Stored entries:
- Opening Delimiter -

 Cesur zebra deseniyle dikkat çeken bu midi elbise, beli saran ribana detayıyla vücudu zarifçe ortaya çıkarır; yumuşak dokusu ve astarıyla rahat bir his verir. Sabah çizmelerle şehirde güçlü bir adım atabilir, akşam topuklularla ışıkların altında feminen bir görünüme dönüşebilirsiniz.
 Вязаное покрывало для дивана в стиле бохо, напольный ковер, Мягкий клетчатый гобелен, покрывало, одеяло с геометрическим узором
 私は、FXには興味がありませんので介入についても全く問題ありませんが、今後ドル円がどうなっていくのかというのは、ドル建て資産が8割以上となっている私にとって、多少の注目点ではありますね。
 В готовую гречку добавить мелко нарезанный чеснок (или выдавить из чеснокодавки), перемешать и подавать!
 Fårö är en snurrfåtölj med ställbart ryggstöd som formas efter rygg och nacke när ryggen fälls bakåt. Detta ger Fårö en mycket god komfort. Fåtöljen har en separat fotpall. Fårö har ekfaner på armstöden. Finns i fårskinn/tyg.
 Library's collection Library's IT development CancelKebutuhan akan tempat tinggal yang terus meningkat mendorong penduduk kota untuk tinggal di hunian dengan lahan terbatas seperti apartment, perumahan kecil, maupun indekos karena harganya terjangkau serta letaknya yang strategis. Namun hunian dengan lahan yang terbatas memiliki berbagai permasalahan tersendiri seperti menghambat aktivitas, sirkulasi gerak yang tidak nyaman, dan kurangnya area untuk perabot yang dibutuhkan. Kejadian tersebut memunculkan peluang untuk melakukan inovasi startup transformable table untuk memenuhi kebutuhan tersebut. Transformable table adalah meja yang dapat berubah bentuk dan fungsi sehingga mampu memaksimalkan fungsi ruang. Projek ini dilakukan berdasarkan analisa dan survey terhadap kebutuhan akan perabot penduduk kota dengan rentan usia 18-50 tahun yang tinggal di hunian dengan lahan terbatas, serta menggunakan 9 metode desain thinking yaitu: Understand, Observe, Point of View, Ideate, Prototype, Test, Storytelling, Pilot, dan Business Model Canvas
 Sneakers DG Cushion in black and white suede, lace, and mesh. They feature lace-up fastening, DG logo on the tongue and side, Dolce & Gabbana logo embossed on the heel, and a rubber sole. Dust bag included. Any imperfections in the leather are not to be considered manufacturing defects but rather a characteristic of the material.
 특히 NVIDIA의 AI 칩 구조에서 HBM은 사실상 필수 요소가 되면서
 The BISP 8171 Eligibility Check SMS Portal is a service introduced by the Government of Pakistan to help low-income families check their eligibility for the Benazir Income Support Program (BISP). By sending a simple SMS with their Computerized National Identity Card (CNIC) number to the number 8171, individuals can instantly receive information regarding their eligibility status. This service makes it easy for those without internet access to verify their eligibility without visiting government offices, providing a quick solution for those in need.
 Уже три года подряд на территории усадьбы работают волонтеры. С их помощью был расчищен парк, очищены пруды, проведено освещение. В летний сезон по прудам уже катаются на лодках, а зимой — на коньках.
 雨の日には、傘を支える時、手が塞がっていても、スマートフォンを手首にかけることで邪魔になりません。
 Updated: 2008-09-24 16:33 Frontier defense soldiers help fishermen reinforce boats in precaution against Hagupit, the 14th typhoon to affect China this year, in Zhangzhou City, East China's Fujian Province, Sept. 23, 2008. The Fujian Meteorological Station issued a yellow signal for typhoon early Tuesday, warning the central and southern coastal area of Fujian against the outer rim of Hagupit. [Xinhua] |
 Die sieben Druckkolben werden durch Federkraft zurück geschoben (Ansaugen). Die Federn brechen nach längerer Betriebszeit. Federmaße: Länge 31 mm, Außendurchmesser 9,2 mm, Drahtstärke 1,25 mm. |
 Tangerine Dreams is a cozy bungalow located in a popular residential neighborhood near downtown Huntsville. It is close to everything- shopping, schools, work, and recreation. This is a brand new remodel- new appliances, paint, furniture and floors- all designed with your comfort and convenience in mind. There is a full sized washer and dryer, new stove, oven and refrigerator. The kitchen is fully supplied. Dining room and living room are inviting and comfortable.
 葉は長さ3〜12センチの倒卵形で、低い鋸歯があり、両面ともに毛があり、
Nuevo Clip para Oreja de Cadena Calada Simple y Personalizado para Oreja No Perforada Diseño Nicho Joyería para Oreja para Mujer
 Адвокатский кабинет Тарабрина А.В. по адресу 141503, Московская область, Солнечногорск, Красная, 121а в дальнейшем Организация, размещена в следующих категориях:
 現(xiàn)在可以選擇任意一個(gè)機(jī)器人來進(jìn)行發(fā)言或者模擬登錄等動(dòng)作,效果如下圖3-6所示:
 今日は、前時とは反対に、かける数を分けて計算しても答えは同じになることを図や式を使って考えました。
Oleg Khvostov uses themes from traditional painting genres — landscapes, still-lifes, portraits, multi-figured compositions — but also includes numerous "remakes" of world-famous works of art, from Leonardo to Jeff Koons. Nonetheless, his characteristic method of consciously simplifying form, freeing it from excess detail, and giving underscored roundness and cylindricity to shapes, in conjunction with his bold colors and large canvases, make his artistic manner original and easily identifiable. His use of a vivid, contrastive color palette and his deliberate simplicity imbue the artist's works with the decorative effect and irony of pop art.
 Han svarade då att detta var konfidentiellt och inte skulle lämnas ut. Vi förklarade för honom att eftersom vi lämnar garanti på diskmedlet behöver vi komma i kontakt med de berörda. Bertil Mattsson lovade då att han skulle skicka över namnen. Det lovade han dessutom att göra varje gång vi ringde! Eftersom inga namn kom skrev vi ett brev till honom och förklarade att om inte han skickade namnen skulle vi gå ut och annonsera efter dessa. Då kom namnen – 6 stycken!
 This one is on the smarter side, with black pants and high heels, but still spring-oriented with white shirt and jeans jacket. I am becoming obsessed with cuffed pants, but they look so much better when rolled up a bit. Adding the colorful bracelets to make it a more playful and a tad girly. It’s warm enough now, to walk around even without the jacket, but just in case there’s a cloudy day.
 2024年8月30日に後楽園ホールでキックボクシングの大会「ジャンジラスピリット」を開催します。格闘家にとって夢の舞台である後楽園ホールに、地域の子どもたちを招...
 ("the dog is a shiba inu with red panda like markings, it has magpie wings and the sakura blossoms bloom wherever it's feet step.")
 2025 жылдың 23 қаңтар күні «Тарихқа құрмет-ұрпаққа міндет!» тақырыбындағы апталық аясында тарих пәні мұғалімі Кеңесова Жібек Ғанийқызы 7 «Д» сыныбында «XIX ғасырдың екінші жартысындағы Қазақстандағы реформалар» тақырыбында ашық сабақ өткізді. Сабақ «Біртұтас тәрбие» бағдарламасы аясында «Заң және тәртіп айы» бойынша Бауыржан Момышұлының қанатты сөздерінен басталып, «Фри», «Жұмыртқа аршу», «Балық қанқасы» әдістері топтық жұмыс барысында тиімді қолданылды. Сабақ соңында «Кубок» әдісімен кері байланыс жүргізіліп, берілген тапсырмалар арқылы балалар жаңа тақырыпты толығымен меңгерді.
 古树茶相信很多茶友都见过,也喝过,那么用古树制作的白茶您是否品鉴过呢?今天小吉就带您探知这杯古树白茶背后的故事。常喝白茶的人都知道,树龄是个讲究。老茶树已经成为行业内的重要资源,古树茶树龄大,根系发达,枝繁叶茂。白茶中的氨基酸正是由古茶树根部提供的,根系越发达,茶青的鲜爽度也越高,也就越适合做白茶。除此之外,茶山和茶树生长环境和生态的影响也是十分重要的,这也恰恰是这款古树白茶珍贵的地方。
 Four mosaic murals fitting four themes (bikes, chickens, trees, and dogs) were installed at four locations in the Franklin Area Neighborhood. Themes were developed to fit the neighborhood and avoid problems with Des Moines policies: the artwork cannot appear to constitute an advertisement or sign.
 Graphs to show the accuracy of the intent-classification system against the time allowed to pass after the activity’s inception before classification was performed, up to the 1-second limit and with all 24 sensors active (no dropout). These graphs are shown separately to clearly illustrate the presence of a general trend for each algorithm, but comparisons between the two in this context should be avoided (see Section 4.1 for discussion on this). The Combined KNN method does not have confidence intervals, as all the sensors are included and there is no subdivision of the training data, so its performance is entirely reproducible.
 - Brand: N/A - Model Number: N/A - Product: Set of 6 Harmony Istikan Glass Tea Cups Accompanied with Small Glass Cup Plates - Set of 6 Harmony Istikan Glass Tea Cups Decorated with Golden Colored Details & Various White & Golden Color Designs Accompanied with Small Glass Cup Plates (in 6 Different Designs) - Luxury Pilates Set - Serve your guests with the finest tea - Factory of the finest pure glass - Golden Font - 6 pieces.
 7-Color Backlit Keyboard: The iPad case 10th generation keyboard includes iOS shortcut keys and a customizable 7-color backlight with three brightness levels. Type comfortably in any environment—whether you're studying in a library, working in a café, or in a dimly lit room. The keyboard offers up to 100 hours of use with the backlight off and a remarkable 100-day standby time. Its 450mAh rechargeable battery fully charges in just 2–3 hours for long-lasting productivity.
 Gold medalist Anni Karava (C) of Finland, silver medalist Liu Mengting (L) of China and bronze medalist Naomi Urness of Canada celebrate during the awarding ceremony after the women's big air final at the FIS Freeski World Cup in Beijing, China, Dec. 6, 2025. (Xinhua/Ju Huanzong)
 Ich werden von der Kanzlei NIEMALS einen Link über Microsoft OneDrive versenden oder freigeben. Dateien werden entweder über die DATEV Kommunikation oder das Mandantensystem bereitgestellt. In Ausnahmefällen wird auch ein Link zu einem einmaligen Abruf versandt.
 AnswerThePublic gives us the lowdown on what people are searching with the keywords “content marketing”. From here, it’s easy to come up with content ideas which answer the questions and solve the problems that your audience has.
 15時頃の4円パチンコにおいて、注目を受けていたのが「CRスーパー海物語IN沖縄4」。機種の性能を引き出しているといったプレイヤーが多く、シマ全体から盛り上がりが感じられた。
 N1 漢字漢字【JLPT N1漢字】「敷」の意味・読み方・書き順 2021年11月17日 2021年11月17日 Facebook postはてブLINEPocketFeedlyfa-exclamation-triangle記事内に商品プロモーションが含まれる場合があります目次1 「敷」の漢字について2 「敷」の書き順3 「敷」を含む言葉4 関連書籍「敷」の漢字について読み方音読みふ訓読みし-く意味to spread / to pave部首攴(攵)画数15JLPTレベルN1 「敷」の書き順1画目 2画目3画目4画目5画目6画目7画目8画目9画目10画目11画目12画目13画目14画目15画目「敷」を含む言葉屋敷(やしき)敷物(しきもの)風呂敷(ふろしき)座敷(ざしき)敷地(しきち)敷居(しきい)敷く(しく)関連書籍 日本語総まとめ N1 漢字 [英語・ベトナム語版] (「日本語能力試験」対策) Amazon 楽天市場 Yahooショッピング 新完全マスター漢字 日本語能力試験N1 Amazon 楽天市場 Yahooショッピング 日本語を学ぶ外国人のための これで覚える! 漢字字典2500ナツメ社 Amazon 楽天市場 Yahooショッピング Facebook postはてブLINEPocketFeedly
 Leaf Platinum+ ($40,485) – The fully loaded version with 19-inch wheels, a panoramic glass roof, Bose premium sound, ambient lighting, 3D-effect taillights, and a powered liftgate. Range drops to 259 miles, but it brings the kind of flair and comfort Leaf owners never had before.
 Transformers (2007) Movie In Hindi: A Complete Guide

- Closing Delimiter -

● Assignment: Here the job is to transcribe the lines from the first line of the data through the line containing "Fårö är en snurrfåtölj", inclusive, exactly and with nothing else.

● Solution:
 Cesur zebra deseniyle dikkat çeken bu midi elbise, beli saran ribana detayıyla vücudu zarifçe ortaya çıkarır; yumuşak dokusu ve astarıyla rahat bir his verir. Sabah çizmelerle şehirde güçlü bir adım atabilir, akşam topuklularla ışıkların altında feminen bir görünüme dönüşebilirsiniz.
 Вязаное покрывало для дивана в стиле бохо, напольный ковер, Мягкий клетчатый гобелен, покрывало, одеяло с геометрическим узором
 私は、FXには興味がありませんので介入についても全く問題ありませんが、今後ドル円がどうなっていくのかというのは、ドル建て資産が8割以上となっている私にとって、多少の注目点ではありますね。
 В готовую гречку добавить мелко нарезанный чеснок (или выдавить из чеснокодавки), перемешать и подавать!
 Fårö är en snurrfåtölj med ställbart ryggstöd som formas efter rygg och nacke när ryggen fälls bakåt. Detta ger Fårö en mycket god komfort. Fåtöljen har en separat fotpall. Fårö har ekfaner på armstöden. Finns i fårskinn/tyg.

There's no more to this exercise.